- **WHAT THE EXERCISE ASKS**
All lines below between the line with "Мультяшный чехол cupheadmughead, косметический" and the line with "ベビーニット帽 50-54cm シマウマ×ブラウンイエロー×迷彩", including both, must be copied exactly, and the pictures must be omitted.

- **GIVEN DATA**
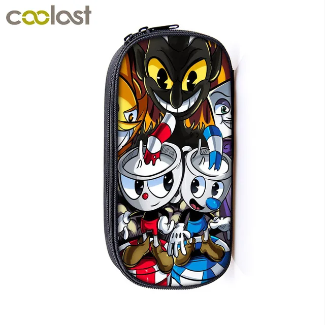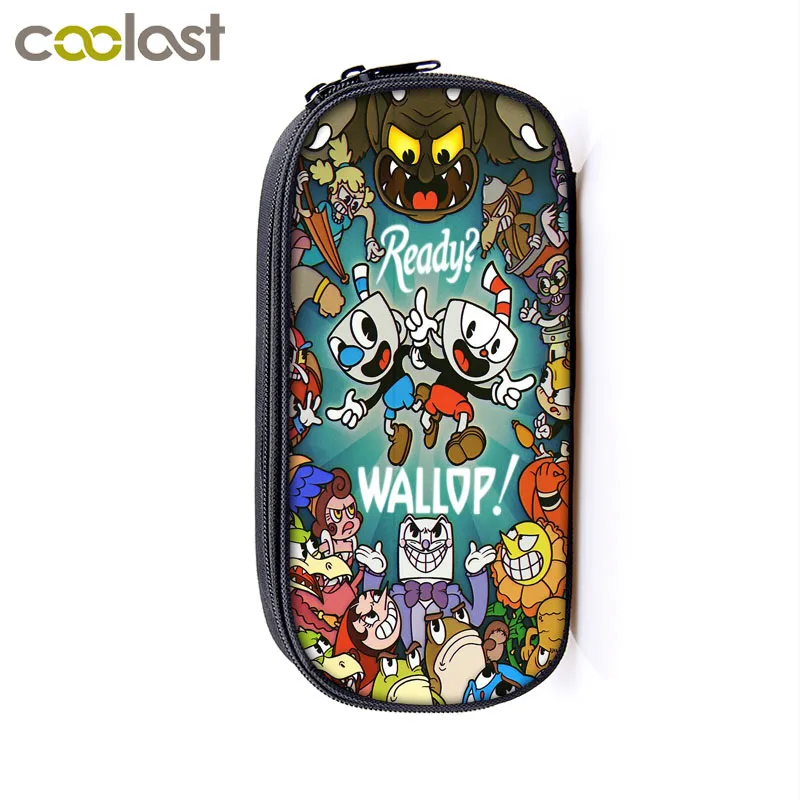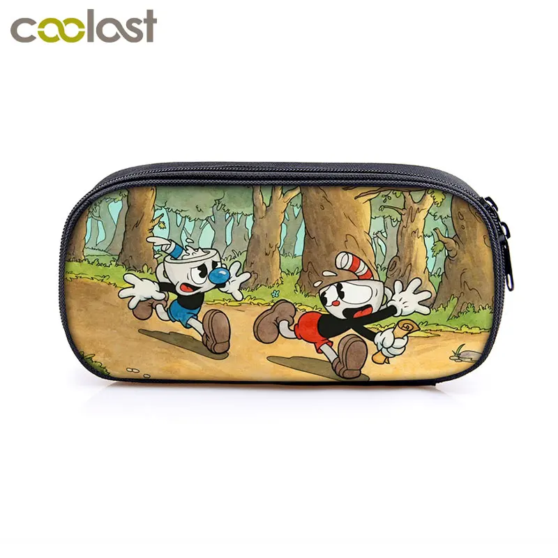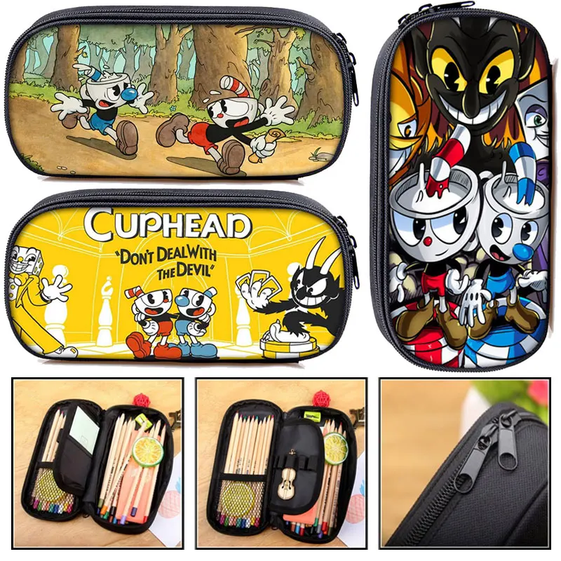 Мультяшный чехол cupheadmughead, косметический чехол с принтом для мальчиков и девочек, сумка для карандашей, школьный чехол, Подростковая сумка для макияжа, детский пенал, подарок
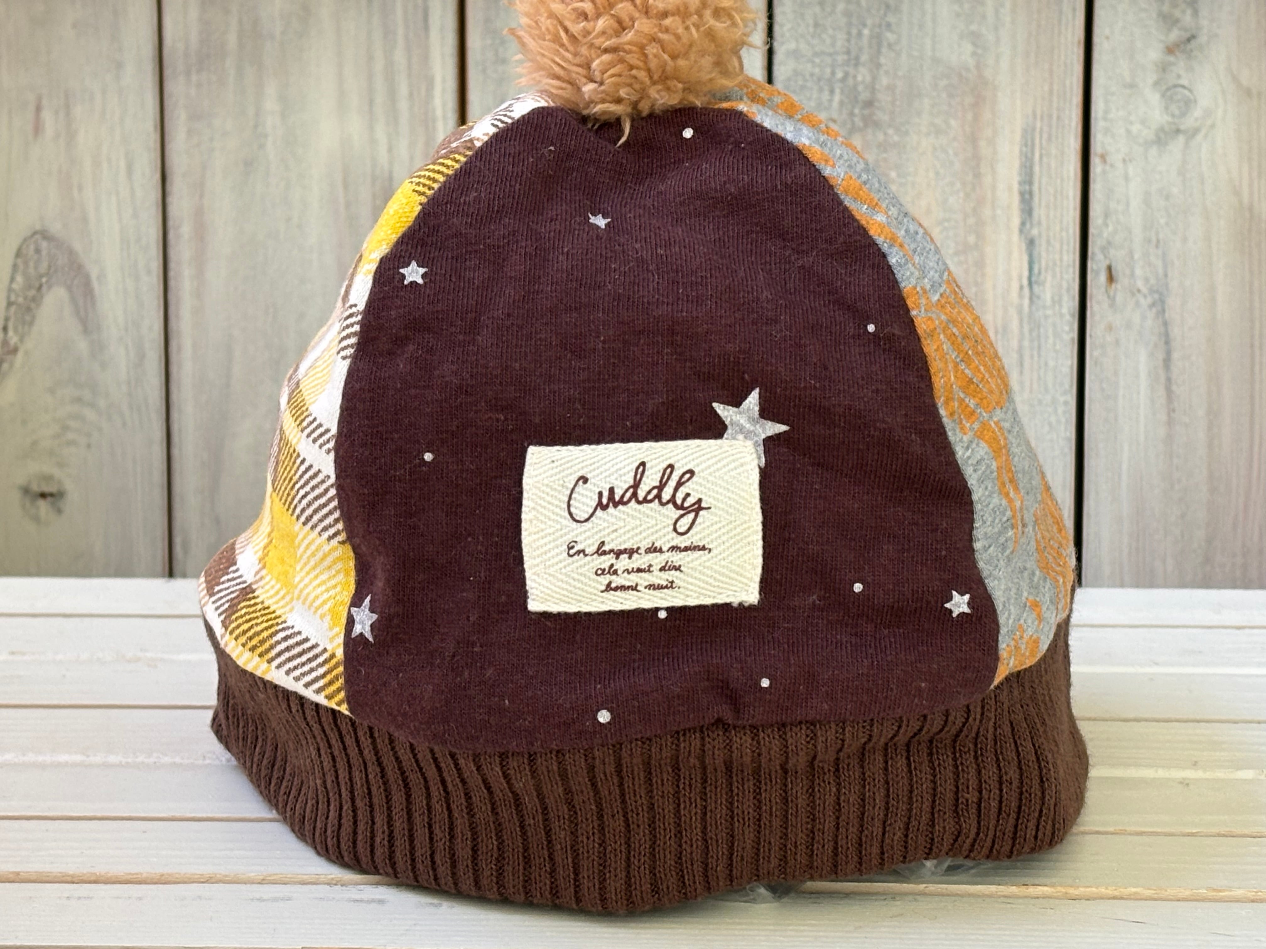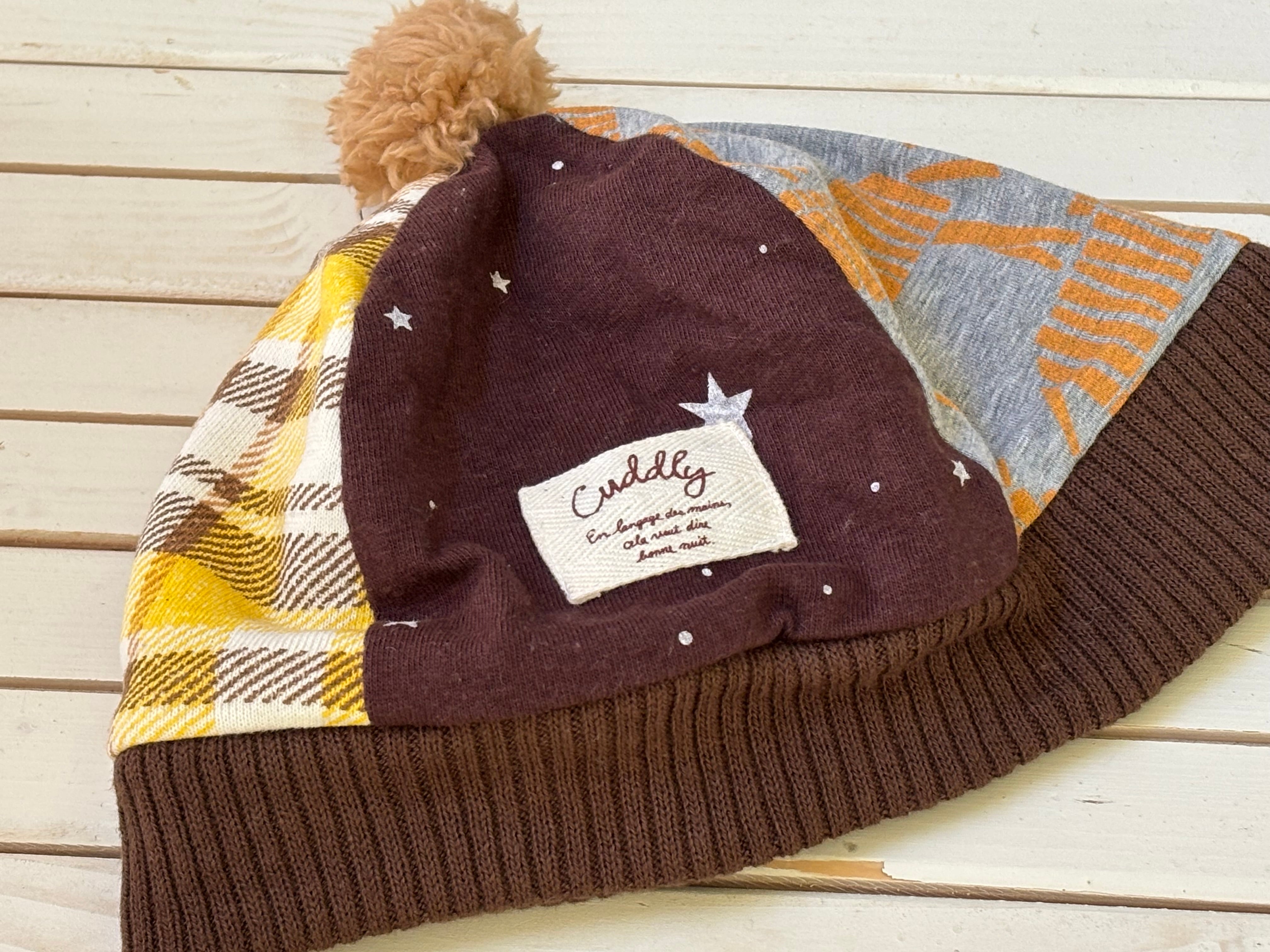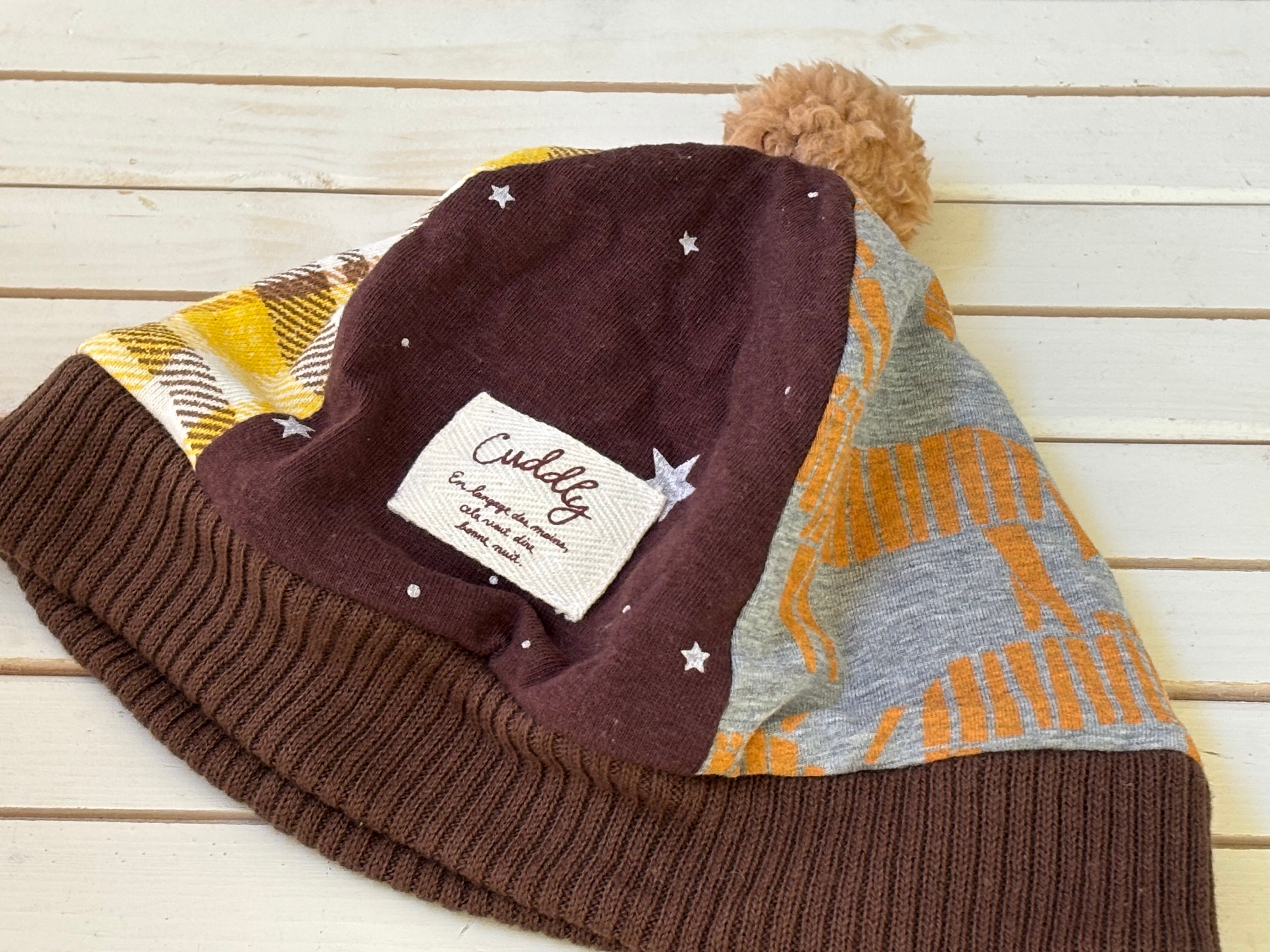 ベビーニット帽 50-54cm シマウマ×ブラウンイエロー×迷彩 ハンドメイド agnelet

==

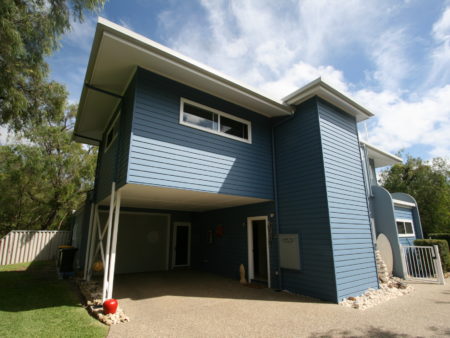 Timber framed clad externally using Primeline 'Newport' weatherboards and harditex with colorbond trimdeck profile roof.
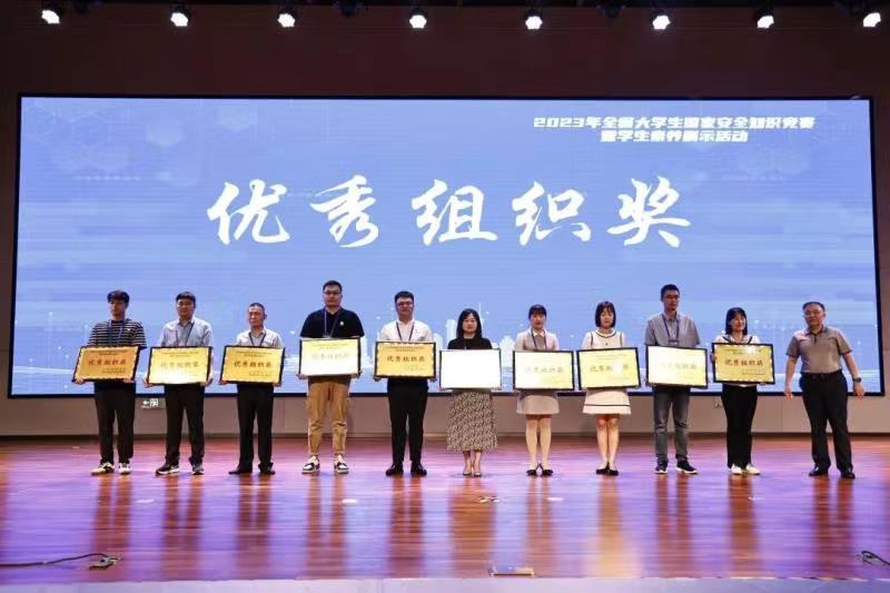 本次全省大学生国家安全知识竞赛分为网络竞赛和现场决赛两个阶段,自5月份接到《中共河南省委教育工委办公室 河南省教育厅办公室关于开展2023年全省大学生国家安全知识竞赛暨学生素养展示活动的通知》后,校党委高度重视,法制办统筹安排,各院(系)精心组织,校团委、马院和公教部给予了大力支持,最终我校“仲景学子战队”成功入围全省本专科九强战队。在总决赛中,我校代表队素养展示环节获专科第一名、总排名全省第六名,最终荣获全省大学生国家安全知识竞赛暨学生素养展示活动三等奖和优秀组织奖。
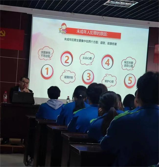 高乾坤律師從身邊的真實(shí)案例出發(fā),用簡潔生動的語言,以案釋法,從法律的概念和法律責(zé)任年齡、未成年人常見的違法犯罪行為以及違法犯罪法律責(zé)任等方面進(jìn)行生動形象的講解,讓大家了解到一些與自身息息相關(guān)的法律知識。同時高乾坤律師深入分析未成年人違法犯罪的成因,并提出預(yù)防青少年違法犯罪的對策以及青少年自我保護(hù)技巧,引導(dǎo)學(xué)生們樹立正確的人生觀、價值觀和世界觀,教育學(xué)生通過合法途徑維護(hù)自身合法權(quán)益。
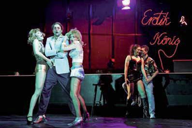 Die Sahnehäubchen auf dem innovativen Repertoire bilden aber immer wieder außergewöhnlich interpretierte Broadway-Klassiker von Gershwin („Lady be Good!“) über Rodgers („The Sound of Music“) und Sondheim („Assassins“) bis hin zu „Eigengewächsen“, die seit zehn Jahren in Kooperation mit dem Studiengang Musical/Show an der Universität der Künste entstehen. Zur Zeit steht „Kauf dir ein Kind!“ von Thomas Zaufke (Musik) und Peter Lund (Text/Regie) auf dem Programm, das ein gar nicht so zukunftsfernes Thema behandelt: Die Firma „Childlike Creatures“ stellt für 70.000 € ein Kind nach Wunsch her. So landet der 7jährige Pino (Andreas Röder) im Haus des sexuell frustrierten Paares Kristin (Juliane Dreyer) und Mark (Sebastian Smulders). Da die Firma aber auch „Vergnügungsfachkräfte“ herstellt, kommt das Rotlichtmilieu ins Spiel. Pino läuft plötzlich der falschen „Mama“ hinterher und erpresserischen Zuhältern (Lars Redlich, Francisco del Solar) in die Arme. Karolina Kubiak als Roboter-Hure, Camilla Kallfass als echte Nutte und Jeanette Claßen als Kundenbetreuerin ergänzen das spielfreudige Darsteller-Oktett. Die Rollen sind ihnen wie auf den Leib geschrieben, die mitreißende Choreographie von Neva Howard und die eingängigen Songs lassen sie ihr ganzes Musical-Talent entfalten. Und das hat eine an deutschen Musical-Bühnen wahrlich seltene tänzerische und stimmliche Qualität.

- **EXERCISE RESPONSE**
 Мультяшный чехол cupheadmughead, косметический чехол с принтом для мальчиков и девочек, сумка для карандашей, школьный чехол, Подростковая сумка для макияжа, детский пенал, подарок
 ベビーニット帽 50-54cm シマウマ×ブラウンイエロー×迷彩 ハンドメイド agnelet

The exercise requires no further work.